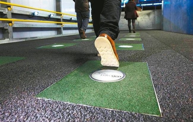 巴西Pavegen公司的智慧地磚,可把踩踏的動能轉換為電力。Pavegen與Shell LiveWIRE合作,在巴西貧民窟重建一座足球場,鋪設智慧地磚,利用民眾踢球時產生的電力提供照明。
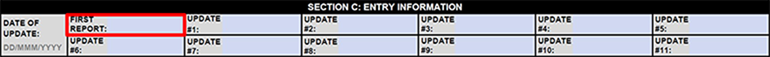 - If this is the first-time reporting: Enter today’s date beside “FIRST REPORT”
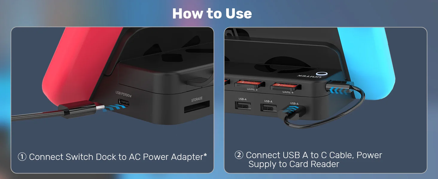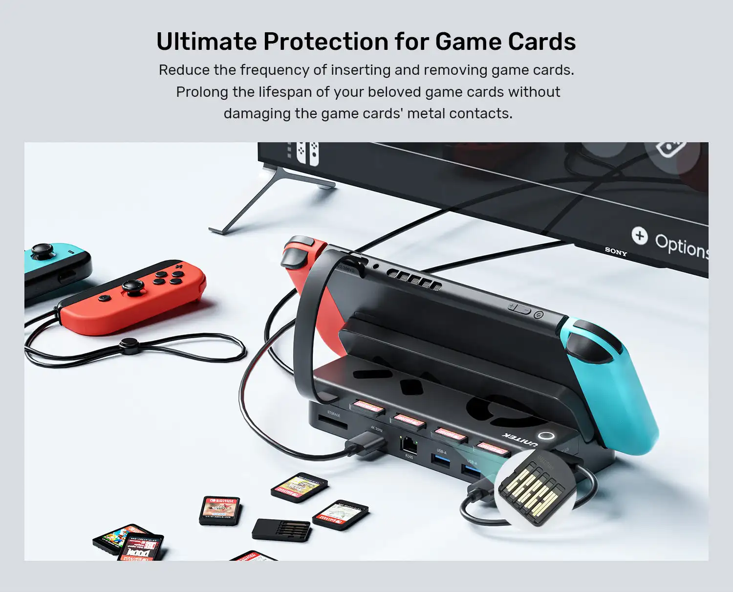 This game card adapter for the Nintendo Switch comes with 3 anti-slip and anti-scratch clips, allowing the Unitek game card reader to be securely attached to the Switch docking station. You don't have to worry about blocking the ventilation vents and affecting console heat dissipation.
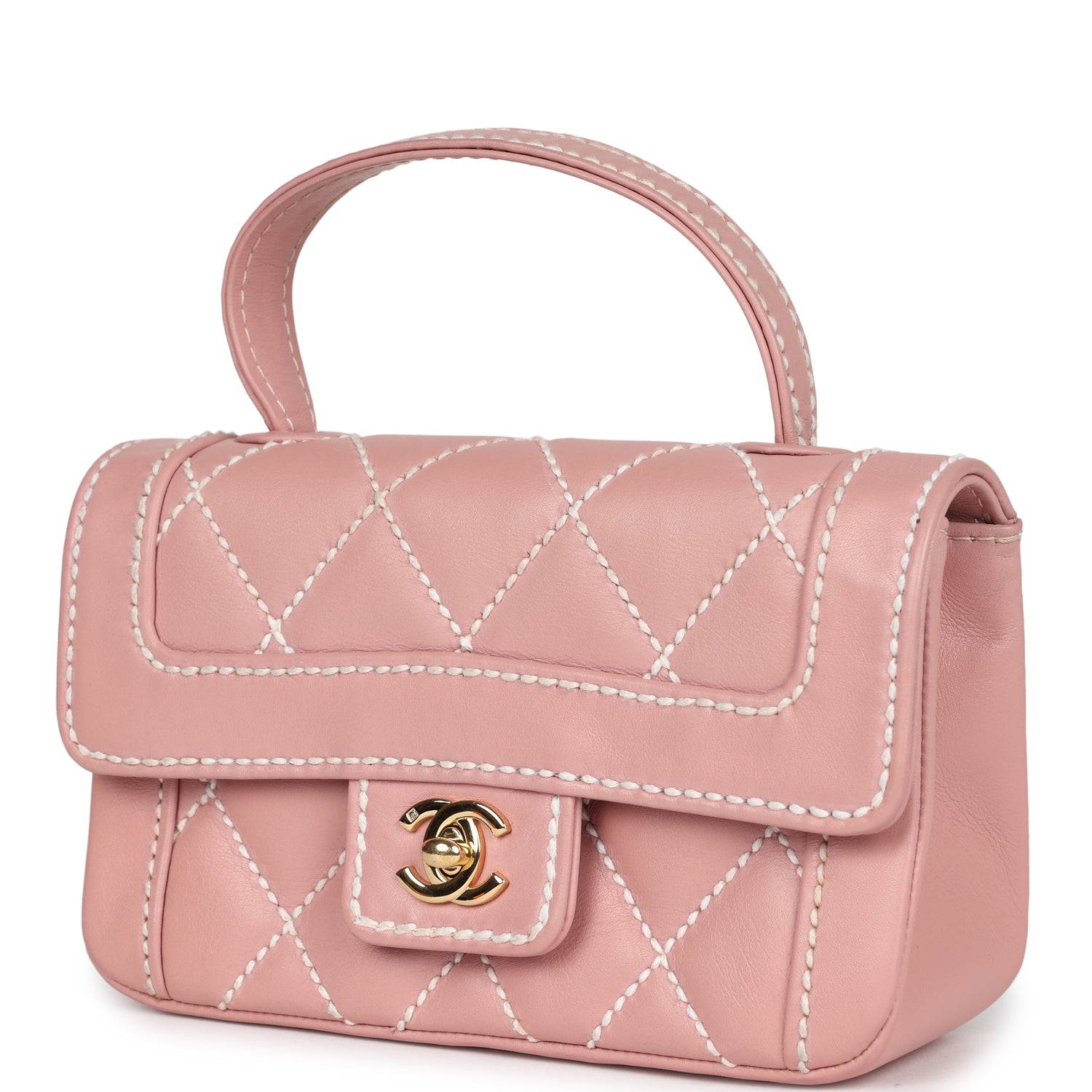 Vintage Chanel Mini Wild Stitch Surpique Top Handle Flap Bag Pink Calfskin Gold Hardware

Task item: Retype the data shown above exactly, excluding any picture it contains.

Solved exercise:
 巴西Pavegen公司的智慧地磚,可把踩踏的動能轉換為電力。Pavegen與Shell LiveWIRE合作,在巴西貧民窟重建一座足球場,鋪設智慧地磚,利用民眾踢球時產生的電力提供照明。
 - If this is the first-time reporting: Enter today’s date beside “FIRST REPORT”
 This game card adapter for the Nintendo Switch comes with 3 anti-slip and anti-scratch clips, allowing the Unitek game card reader to be securely attached to the Switch docking station. You don't have to worry about blocking the ventilation vents and affecting console heat dissipation.
 Vintage Chanel Mini Wild Stitch Surpique Top Handle Flap Bag Pink Calfskin Gold Hardware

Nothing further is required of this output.